### Task directions
Reproduce the lines below exactly. Skip images.
== Segment start ==
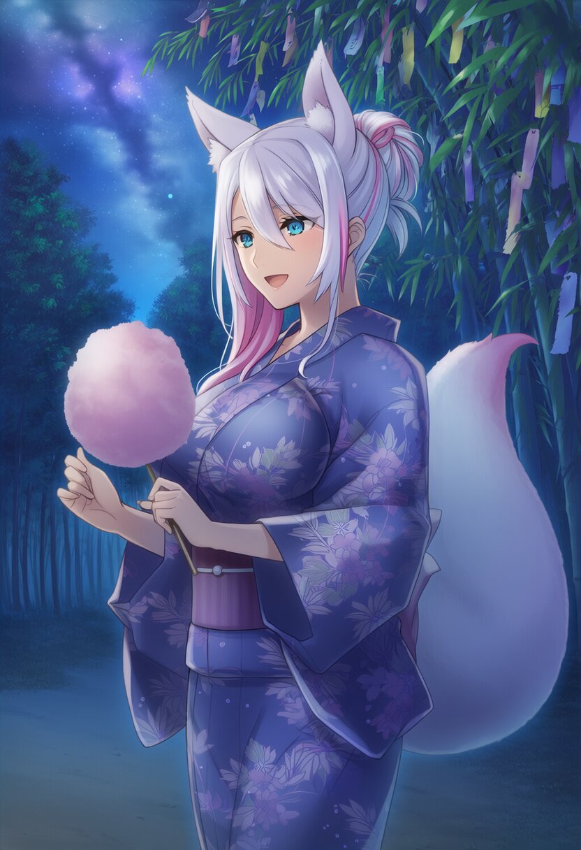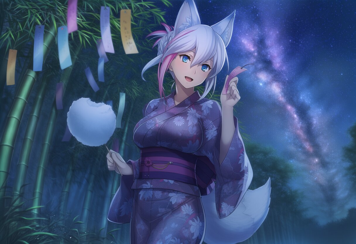 {{{highly detailed}}}, {{official style}}, {{game cg}}, {{tenka hyakken}}, {{adult woman}}, 1girl, solo, blue eyes, single hair bun, {{{white hair, pink hair, two-tone hair}}}, hair between eyes, [[[large breasts]]], fox ears, fox tail, smile, open mouth, holding a cotton candy, standing, cowboy shot, purple flower-patterned yukata, night, milky way, {{{{{{bamboo grove, tanabata, colorful ribbons hang from the trees}}}}}}, prayer flags, hanging trees, beautiful image, traditional japanese colors, {{{masterpiece}}}, {{{best quality}}}, {{{very aesthetic}}}, {{{ultra-detailed}}}, {illustration}, {{{extremely detailed}}}, {{{an extremely delicate and beautiful}}}
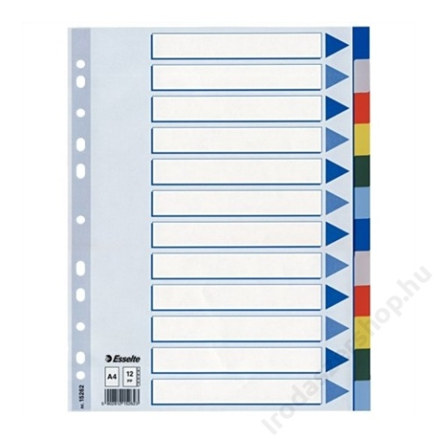 Regiszter, műanyag, A4, 12 részes, ESSELTE (E15262) - elválasztólap visszafogott színkombinációkban - nagyméretű téglalapok az előlapon a tartalom feltüntetésére - 12 színes fül a könnyű rendszerezéshez - megerősített lefűzőrész az előlapon - hagyomá
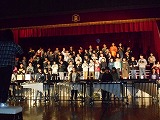 5年生は,講堂で学習発表会の練習を行いました。発表は,歌や合奏を行います。練習の成果を当日発揮できたらと思います。写真は,合奏の練習をしている様子です。
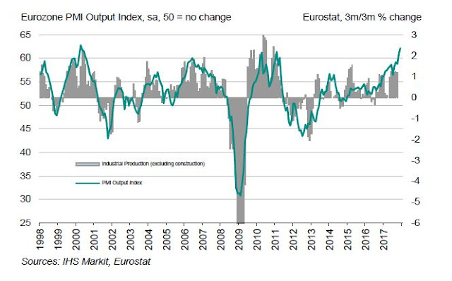 The latest report shows that eurozone manufacturing PMI ending 2017 at record highs, with all-time highs seen in Germany, Austria, and Ireland. Will Europe outperform the US should a trade war erupt? How this question of relative growth rates resolves itself will matter the the direction of the USD, inflation, and Fed policy.
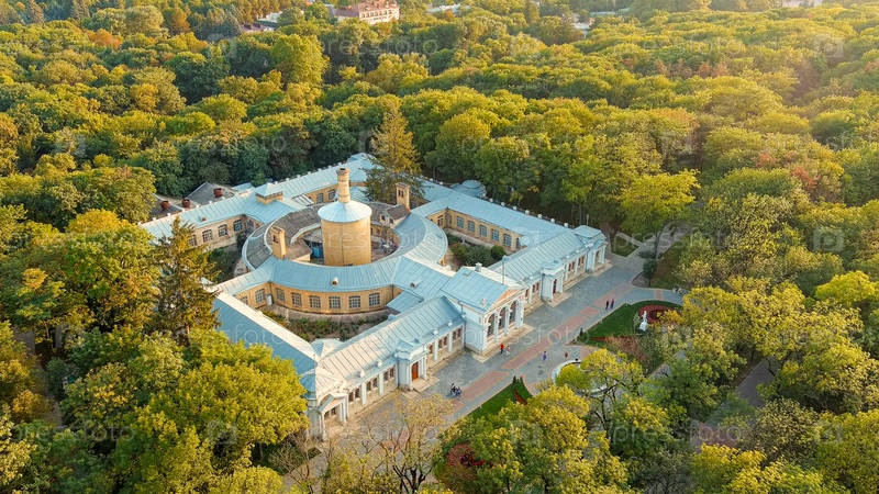 Есентуки, Россия. Лучшие бани. Курортный парк. Парк культуры и отдыха. Время захода солнца, Aerial View
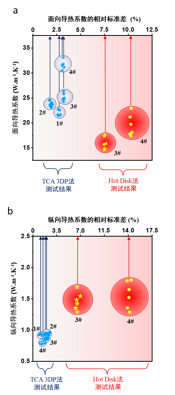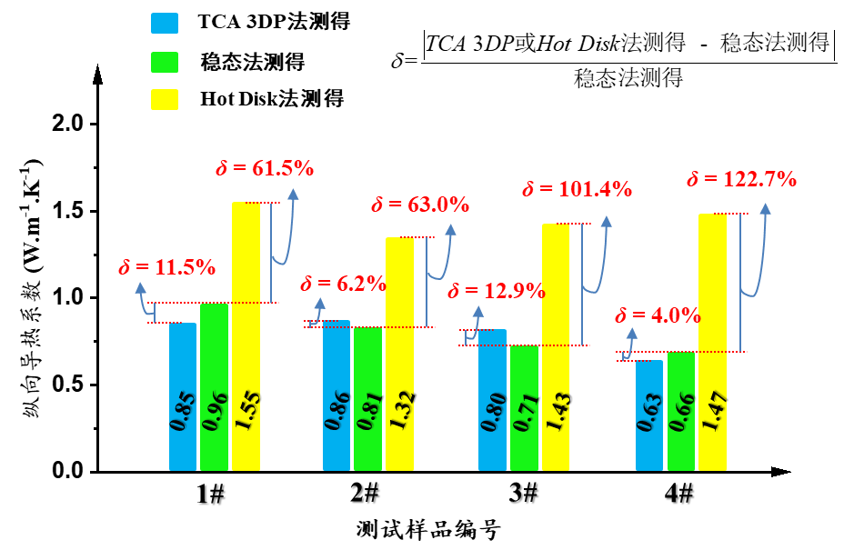 此外,為了驗(yàn)證TCA 3DP和Hot Disk兩種方法的準(zhǔn)確性,我們以穩(wěn)態(tài)法的測(cè)試結(jié)果作為參標(biāo),計(jì)算這兩種方法測(cè)定的縱向?qū)嵯禂?shù)與穩(wěn)態(tài)法的相對(duì)偏差,結(jié)果如圖4所示。可以看出,TCA 3DP法測(cè)得的結(jié)果與穩(wěn)態(tài)法更為接近,相對(duì)偏差在4% ~ 11.5%之間,而Hot Disk法測(cè)得的結(jié)果與穩(wěn)態(tài)法差別較大,相對(duì)偏差在61.5% ~ 122.7%之間。因此,我們可以得出結(jié)論相比于Hot Disk法,TCA 3DP法測(cè)得的導(dǎo)熱系數(shù)更為準(zhǔn)確。
== Segment end ==
### Solution to this problem
 {{{highly detailed}}}, {{official style}}, {{game cg}}, {{tenka hyakken}}, {{adult woman}}, 1girl, solo, blue eyes, single hair bun, {{{white hair, pink hair, two-tone hair}}}, hair between eyes, [[[large breasts]]], fox ears, fox tail, smile, open mouth, holding a cotton candy, standing, cowboy shot, purple flower-patterned yukata, night, milky way, {{{{{{bamboo grove, tanabata, colorful ribbons hang from the trees}}}}}}, prayer flags, hanging trees, beautiful image, traditional japanese colors, {{{masterpiece}}}, {{{best quality}}}, {{{very aesthetic}}}, {{{ultra-detailed}}}, {illustration}, {{{extremely detailed}}}, {{{an extremely delicate and beautiful}}}
 Regiszter, műanyag, A4, 12 részes, ESSELTE (E15262) - elválasztólap visszafogott színkombinációkban - nagyméretű téglalapok az előlapon a tartalom feltüntetésére - 12 színes fül a könnyű rendszerezéshez - megerősített lefűzőrész az előlapon - hagyomá
 5年生は,講堂で学習発表会の練習を行いました。発表は,歌や合奏を行います。練習の成果を当日発揮できたらと思います。写真は,合奏の練習をしている様子です。
 The latest report shows that eurozone manufacturing PMI ending 2017 at record highs, with all-time highs seen in Germany, Austria, and Ireland. Will Europe outperform the US should a trade war erupt? How this question of relative growth rates resolves itself will matter the the direction of the USD, inflation, and Fed policy.
 Есентуки, Россия. Лучшие бани. Курортный парк. Парк культуры и отдыха. Время захода солнца, Aerial View
 此外,為了驗(yàn)證TCA 3DP和Hot Disk兩種方法的準(zhǔn)確性,我們以穩(wěn)態(tài)法的測(cè)試結(jié)果作為參標(biāo),計(jì)算這兩種方法測(cè)定的縱向?qū)嵯禂?shù)與穩(wěn)態(tài)法的相對(duì)偏差,結(jié)果如圖4所示。可以看出,TCA 3DP法測(cè)得的結(jié)果與穩(wěn)態(tài)法更為接近,相對(duì)偏差在4% ~ 11.5%之間,而Hot Disk法測(cè)得的結(jié)果與穩(wěn)態(tài)法差別較大,相對(duì)偏差在61.5% ~ 122.7%之間。因此,我們可以得出結(jié)論相比于Hot Disk法,TCA 3DP法測(cè)得的導(dǎo)熱系數(shù)更為準(zhǔn)確。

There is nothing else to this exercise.